Here, we chat to some of the acts who’ll be taking to the King Tut’s Stage across the five days of the summer music festival.
It’ll be a bit different playing on my own
Kyle Falconer is a festival regular with his band The View.
But instead of heading to Glasgow Green as part of the boisterous Dundee favourites, he’s going it alone with a solo set.
“I played TRNSMT last year with The View so this year it’ll be a bit different playing on my own with some new songs,” he says.
“It doesn’t make me as anxious doing the solo stuff because you know what you’re in for with a View concert, it’s mental, bottles all over the place and crazy.
“Playing the new stuff, it’s not as mental!”
The set at TRNSMT will serve as a little taster of what’s to come from Kyle’s debut solo album, which is due for release this year.
“It was actually meant to be last year but the process takes a bit longer than you think. I’m really excited about it coming out,” he says.
While he admits he tries not to read comments or listen to what others have to say, he says the response to solo single Poor Me has been ‘brilliant.’
And he’s hoping for more feedback when he takes to the stage in Glasgow Green.
“I’m especially looking forward to TRNSMT because I’ve never played my solo stuff in Glasgow,” he says.
“There’ve been a couple of wee acoustic things where I tried out new songs, test out the reactions to see if it was going to make the album but those were places outside of Glasgow.
“It’ll be great to see what confirmation, what reaction I can get out of them.”
Kyle says it’s a big deal playing The King Tut’s stage, especially for a newly solo artist like himself or up and coming bands, because of the historic link to previous success stories.
“With King Tut’s, it’s a big stepping stone,” he says.
“As soon as you sell that out that’s like you’ve made it. Everyone wants to go there because of the Oasis thing, it’s legendary.
“Everyone thinks once they’ve done that, that’s me, I’m on the rock and roll stairs of fame!”
It’s not just about your band, it’s about all the bands
Watching a video of Gerry Cinnamon’s performance at last year’s festival wowed The Temperance Movement’s Phil Campbell, and he’s delighted to be getting a go this time around.

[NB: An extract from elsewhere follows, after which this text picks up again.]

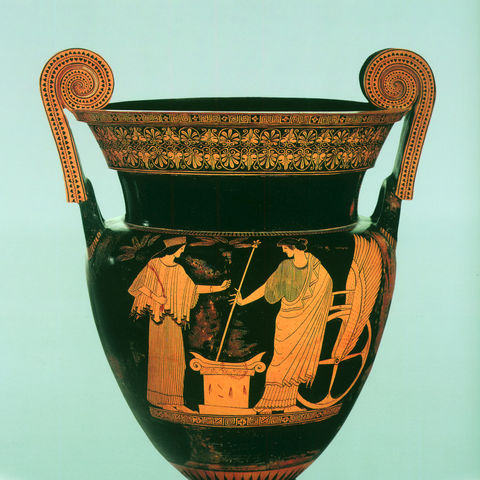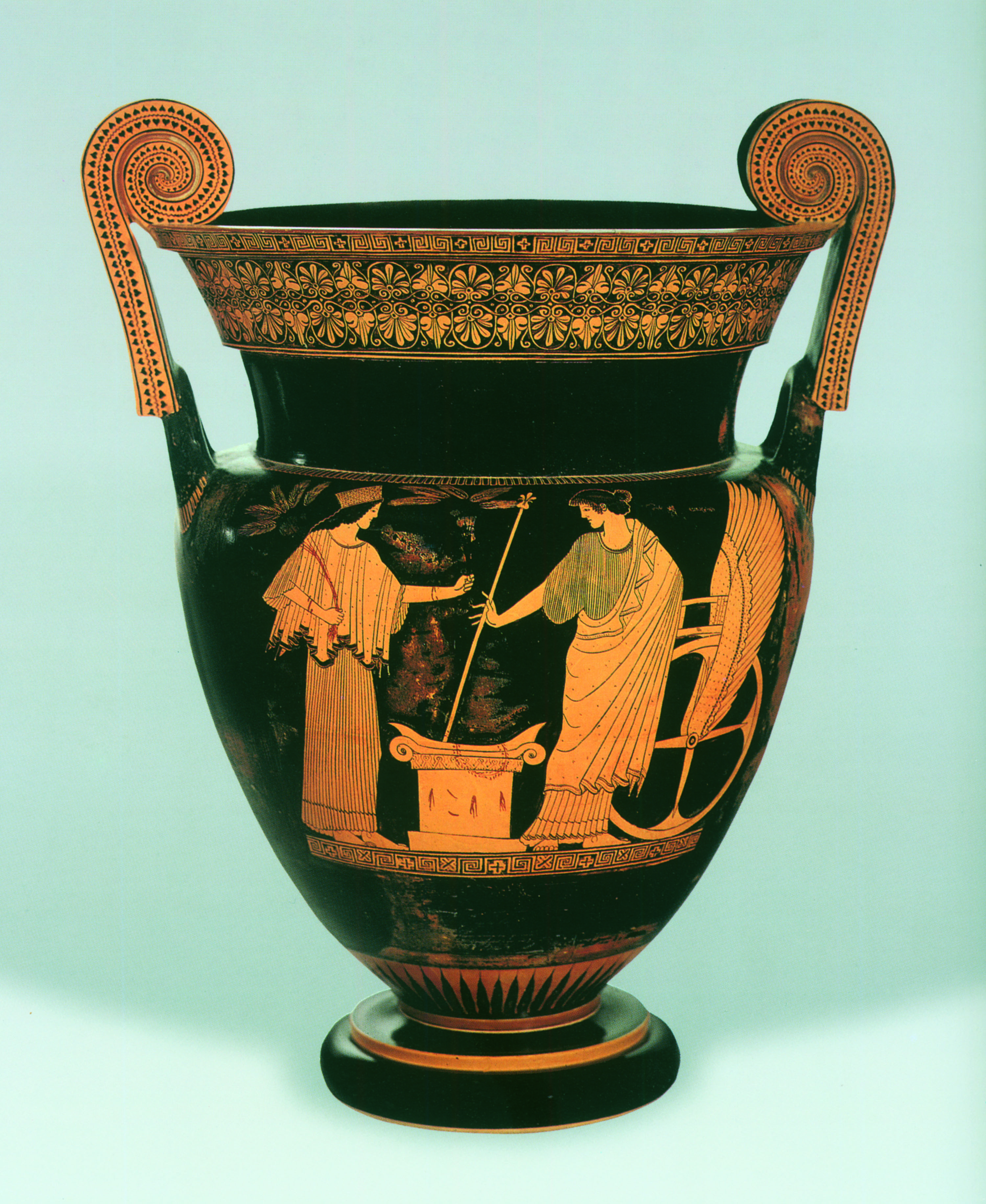 Έργο του «ζωγράφου του Βερολίνου» είναι η διακόσμηση ενός ελικωτού κρατήρα που βρίσκεται σήμερα στην Καρλσρούη της Γερμανίας (εικ. 149). Εδώ το θέμα της κύριας όψης είναι παρμένο από τη λατρεία της Δήμητρας, που κέντρο της ήταν η Ελευσίνα. Από εκεί, όπως πίστευαν οι Αθηναίοι, ξεκίνησε η καλλιέργεια του σιταριού, την οποία μετέδωσε στους ανθρώπους η Δήμητρα, στέλνοντας τον Τριπτόλεμο, τον γιο του βασιλιά της Ελευσίνας Κελεού και της Μετανείρας, να μεταφέρει τα στάχυα πάνω σε φτερωτό άρμα. Στην παράσταση βλέπουμε τη θεά ντυμένη με χιτώνα και πέπλο, με πόλο στο κεφάλι, να παραδίδει τα στάχυα στον Τριπτόλεμο, που φοράει πλούσια ρούχα (χιτώνα και ιμάτιο), έχει τα μαλλιά του προσεκτικά χτενισμένα και, σαν βασιλόπουλο που είναι, κρατάει σκήπτρο στο δεξί χέρι. Η σκηνή διαδραματίζεται στο ιερό της θεάς, όπως δείχνει ο βωμός ανάμεσα στα δύο πρόσωπα με ίχνη από το αίμα των θυσιασμένων ζώων στις πλευρές του και ένα στεφάνι από φύλλα επάνω του. Και εδώ οι μορφές διαφέρουν ως προς τη στάση: Η Δήμητρα στέκεται ήρεμα με ελαφρά λυγισμένο το αριστερό σκέλος και προσφέρει τα στάχυα, ενώ ο Τριπτόλεμος, έτοιμος να αναχωρήσει, στρέφεται προς τη θεά για να δεχτεί το δώρο της. Αξιοπρόσεκτη είναι η διακόσμηση του λαιμού του κρατήρα με συμμετρικά ανθέμια και άνθη λωτού, και των ελικωτών λαβών με κισσόφυλλα.

Having missed last year’s event due to a prior commitment, the band take to the main stage on Friday July 6, sharing the bill on the main stage with The Darkness, Texas and headliners Queen & Adam Lambert.
Phil says: “It’s really exciting. Even more so since I watched Gerry’s full performance from last year – wow, unbelievable. We were away in Colorado doing a festival there so we didn’t get to play last year.
“At a festival it’s not always going to be your people there. They’ll position themselves at the front and if you’re half good you can get everyone going.
“If you’ve got songs that are big and happening it’s about letting everyone know it’s all about them.”
Phil reckons a festival crowd differs slightly to other gigs at indoor venues.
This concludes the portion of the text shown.